[Saved entries]
——
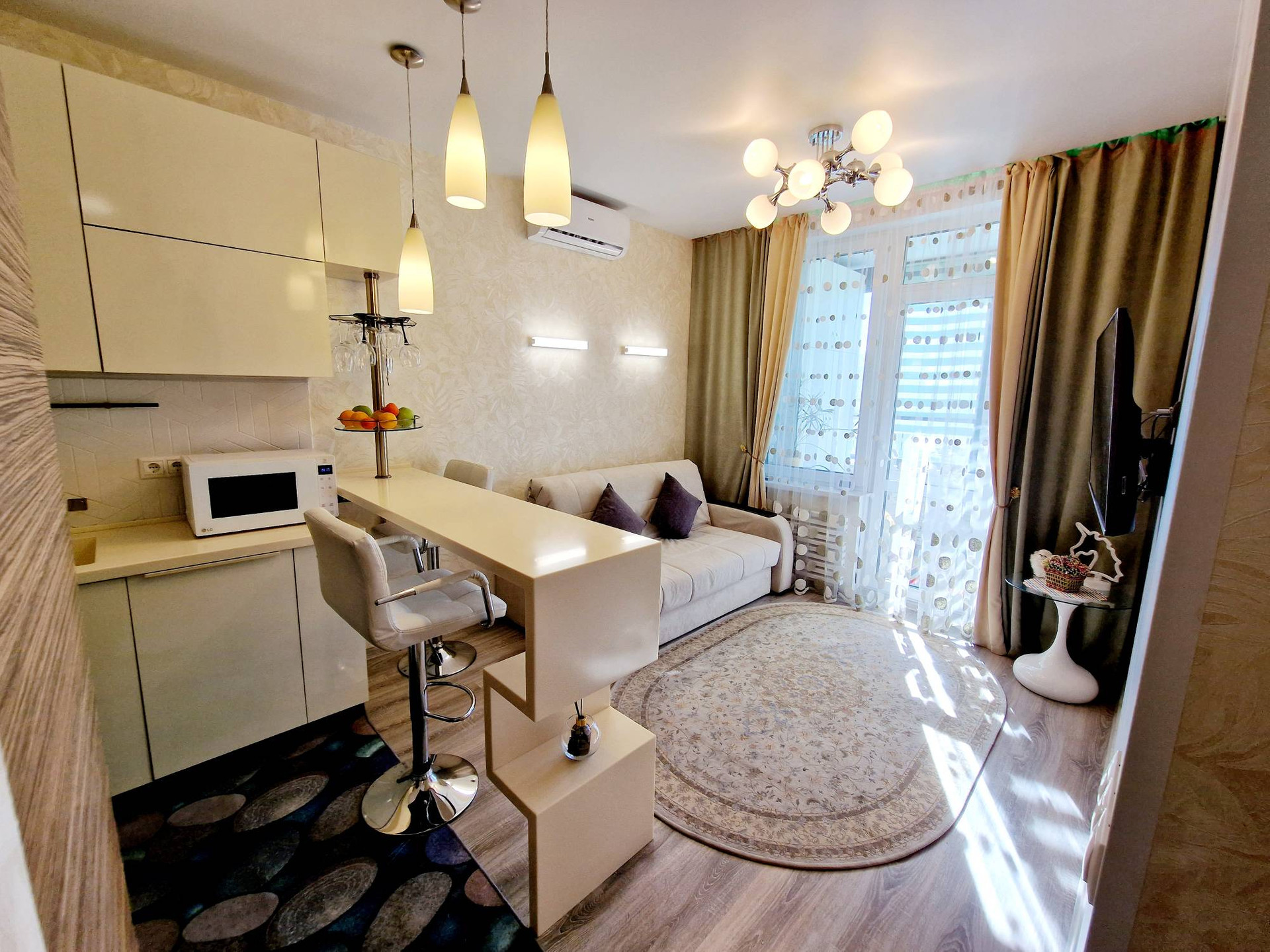 Квартира полностью меблирована и не требует вложений - встроенная кухня и техника (индукционная варочная панель Maunfeld, духовой шкаф и посудомоечная машина Bosch, холодильник Haier), стиральная машинка с сушкой LG, две сплит-системы; мебель - готова к комфортному проживанию или к арендному бизнесу.
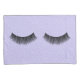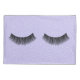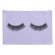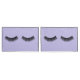Pair of black eyelashes on white pin dots and a pastel purple background.
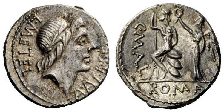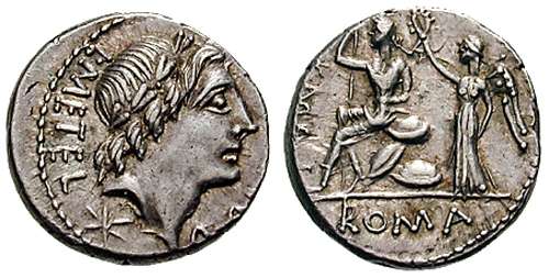 C. Publicius Mall., A. Postumius Albinus & L. Metellus, AR denarius, 96 BC. 3.90 g. L METEL A ALB S F, Laureate head of Apollo right, star beneath chin / C MALL, Roma seated left on pile of shields, holding sceptre, being crowned by Victory standing left behind her. ROMA below. Caecilia 46; Postumia 3; Syd. 611a; C 335/1b; Sear 220.
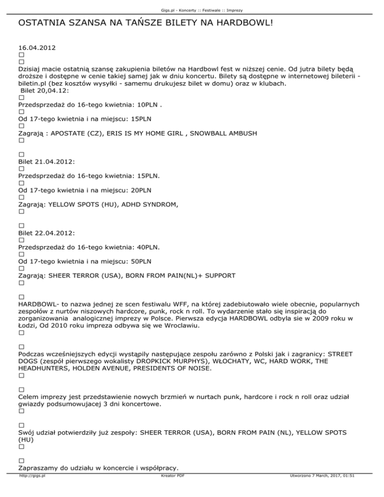 Gigs.pl - Koncerty :: Festiwale :: Imprezy OSTATNIA SZANSA NA TAŃSZE BILETY NA HARDBOWL! 16.04.2012 Dzisiaj macie ostatnią szansę zakupienia biletów na Hardbowl fest w niższej cenie. Od jutra bilety będą droższe i dostępne w cenie takiej samej jak w dniu koncertu. Bilety są dostępne w internetowej bileterii biletin.pl (bez kosztów wysyłki - samemu drukujesz bilet w domu) oraz w klubach. Bilet 20,04.12: Przedsprzedaż do 16-tego kwietnia: 10PLN . Od 17-tego kwietnia i na miejscu: 15PLN Zagrają : APOSTATE (CZ), ERIS IS MY HOME GIRL , SNOWBALL AMBUSH Bilet 21.04.2012: Przedsprzedaż do 16-tego kwietnia: 15PLN. Od 17-tego kwietnia i na miejscu: 20PLN Zagrają: YELLOW SPOTS (HU), ADHD SYNDROM, Bilet 22.04.2012: Przedsprzedaż do 16-tego kwietnia: 40PLN. Od 17-tego kwietnia i na miejscu: 50PLN Zagrają: SHEER TERROR (USA), BORN FROM PAIN(NL)+ SUPPORT HARDBOWL- to nazwa jednej ze scen festiwalu WFF, na której zadebiutowało wiele obecnie, popularnych zespołów z nurtów niszowych hardcore, punk, rock n roll. To wydarzenie stało się inspiracją do zorganizowania analogicznej imprezy w Polsce. Pierwsza edycja HARDBOWL odbyla sie w 2009 roku w Łodzi, Od 2010 roku impreza odbywa się we Wroclawiu. Podczas wcześniejszych edycji wystąpily następujące zespołu zarówno z Polski jak i zagranicy: STREET DOGS (zespół pierwszego wokalisty DROPKICK MURPHYS), WŁOCHATY, WC, HARD WORK, THE HEADHUNTERS, HOLDEN AVENUE, PRESIDENTS OF NOISE. Celem imprezy jest przedstawienie nowych brzmień w nurtach punk, hardcore i rock n roll oraz udział gwiazdy podsumowujacej 3 dni koncertowe. Swój udział potwierdziły już zespoły: SHEER TERROR (USA), BORN FROM PAIN (NL), YELLOW SPOTS (HU) Zapraszamy do udziału w koncercie i współpracy. http://gigs.pl Kreator PDF Utworzono 7 March, 2017, 01:51 Gigs.pl - Koncerty :: Festiwale :: Imprezy 20.04.2012 klub LIVERPPOL. Zagrają: APOSTATE (CZ), ERIS MY HOME GIRL, SNOWBALL AMBUSH 21.04.2012 klub Łykend. Zagrają: YELLOW SPOTS (HU) , ADHD SYNDROM 22.04.2012 klub Alibi, Zagrają: SHEER TERROR (USA), BORN FROM PAIN (NL) + SUPPORT CENY BILETÓW: Bilet 20,04.12: Przedsprzedaż do 16-tego kwietnia: 10PLN . Od 17-tego kwietnia i na miejscu: 15PLN Zagrają : APOSTATE (CZ), ERIS IS MY HOME GIRL , SNOWBALL AMBUSH Bilet 21.04.2012: Przedsprzedaż do 16-tego kwietnia: 15PLN. Od 17-tego kwietnia i na miejscu: 20PLN Zagrają: YELLOW SPOTS (HU), ADHD SYNDROM, Bilet 22.04.2012: Przedsprzedaż do 16-tego kwietnia: 40PLN. Od 17-tego kwietnia i na miejscu: 50PLN Zagrają: SHEER TERROR (USA), BORN FROM PAIN(NL)+ SUPPORT Bilet 3 dniowy (KARNET): Przedsprzedaż do 16-tego kwietnia: 65PLN. Od 17-tego kwietnia i na miejscu: 80PLN ADHD SYNDROM, BORN FROM PAIN, ERIS IS MY HOME GIRL , SNOWBALL AMUSH, SHEER TERROR, YELLOW SPOTS i inni. DODATKOWO PIERWSZE 200 OSÓB, KTÓRE KUPIA KARNETY OTRZYMAJĄ PRZY WEJSCIU GRATIS OFFICIALNY PLAKAT A1 „SICK OF IT ALL” ORAZ „ BORN FROM PAIN” Pelne info wkrótce na stronie: www.artriva.pl http://gigs.pl Kreator PDF Utworzono 7 March, 2017, 01:51 Gigs.pl - Koncerty :: Festiwale :: Imprezy Każdy bilet elektroniczny będzie na miejscu wymieniony na bilet kolekcjonerski. DOŁĄCZ DO NAS: https://www.facebook.com/events/291453434254664/?context=create http://www.lastfm.pl/festival/3221091+HARDBOWL+/attendance 20-22.04.2012 WROCŁAW, Szczegóły wkrótce na polskiej stronie: www.hardbowl.pl http://gigs.pl Kreator PDF Utworzono 7 March, 2017, 01:51
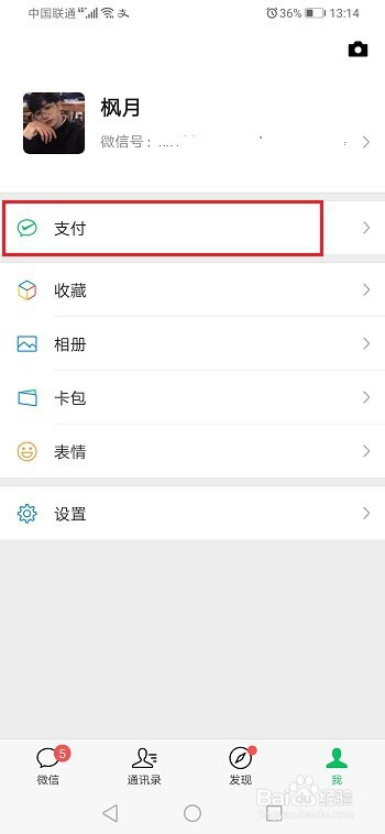 第一步在我们的手机上打开微信,进去我的界面,点击支付,如下图所示:
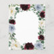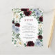 Cartes de menu Mariage de automne Dusty Blue Burgundy Boho - avec une couronne d'eucalyptus et de verdure décorée d'ivoire/blanc, bleu poussiéreux/ardoise/acier et de fleurs bordeaux/canneberges. Affichez la collection correspondante sur cette page pour rechercher des produits de coordination.
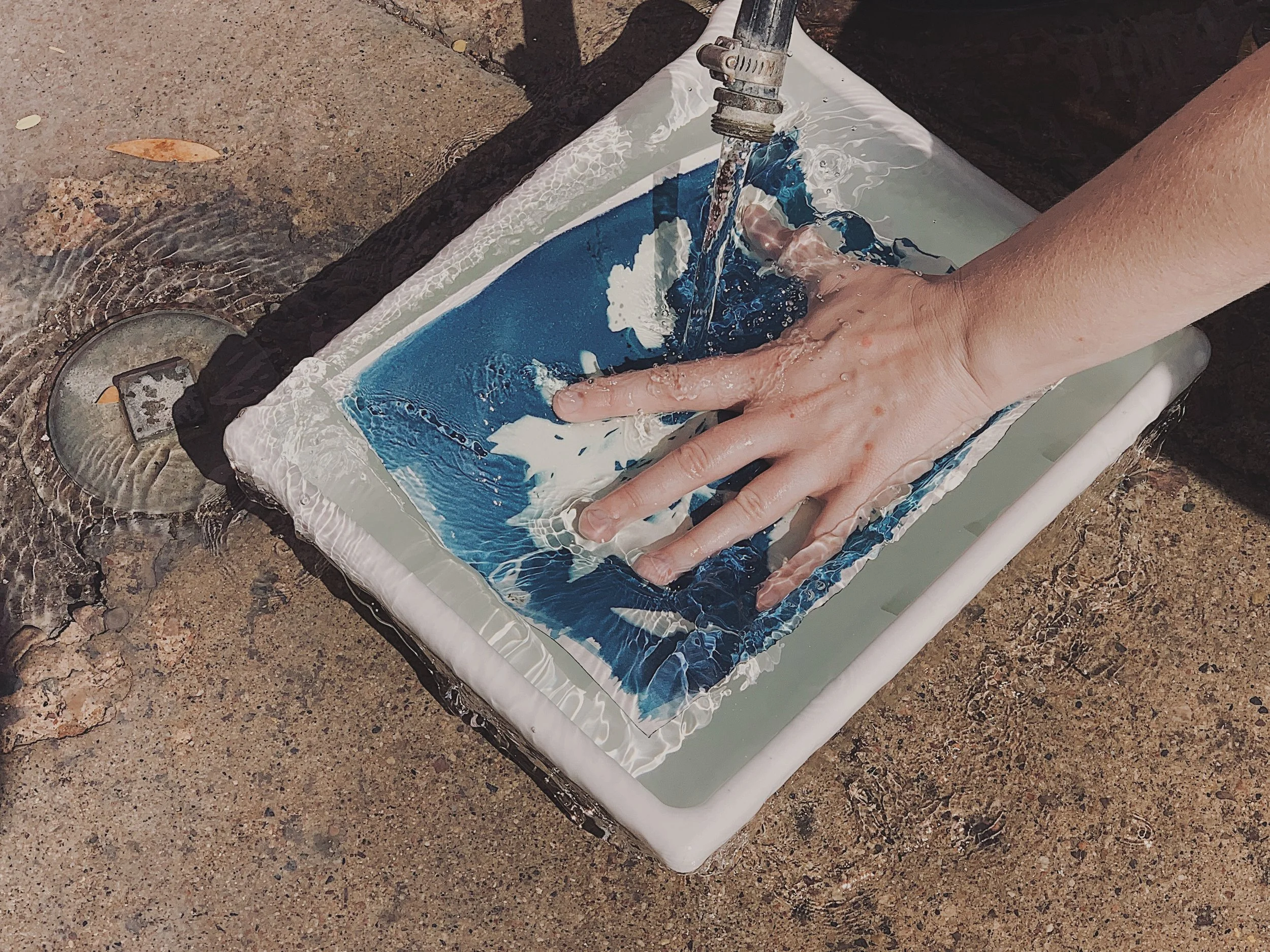 Sunlight changes everything. The fluorescent green chemistry shift to a strange greenish grey and tones of blue. I wait for the perfect moment to pull the print out of the light. A rinse in cool water washes away what was unexposed, and the color shifts to the classic cyanotype blue.
——
Work to complete: Starting at the line above that has "Pair of black" and ending at the line that has "C. Publicius Mall., A.", copy each line exactly, leaving the pictures out and adding nothing.

Response to the exercise:
Pair of black eyelashes on white pin dots and a pastel purple background.
 C. Publicius Mall., A. Postumius Albinus & L. Metellus, AR denarius, 96 BC. 3.90 g. L METEL A ALB S F, Laureate head of Apollo right, star beneath chin / C MALL, Roma seated left on pile of shields, holding sceptre, being crowned by Victory standing left behind her. ROMA below. Caecilia 46; Postumia 3; Syd. 611a; C 335/1b; Sear 220.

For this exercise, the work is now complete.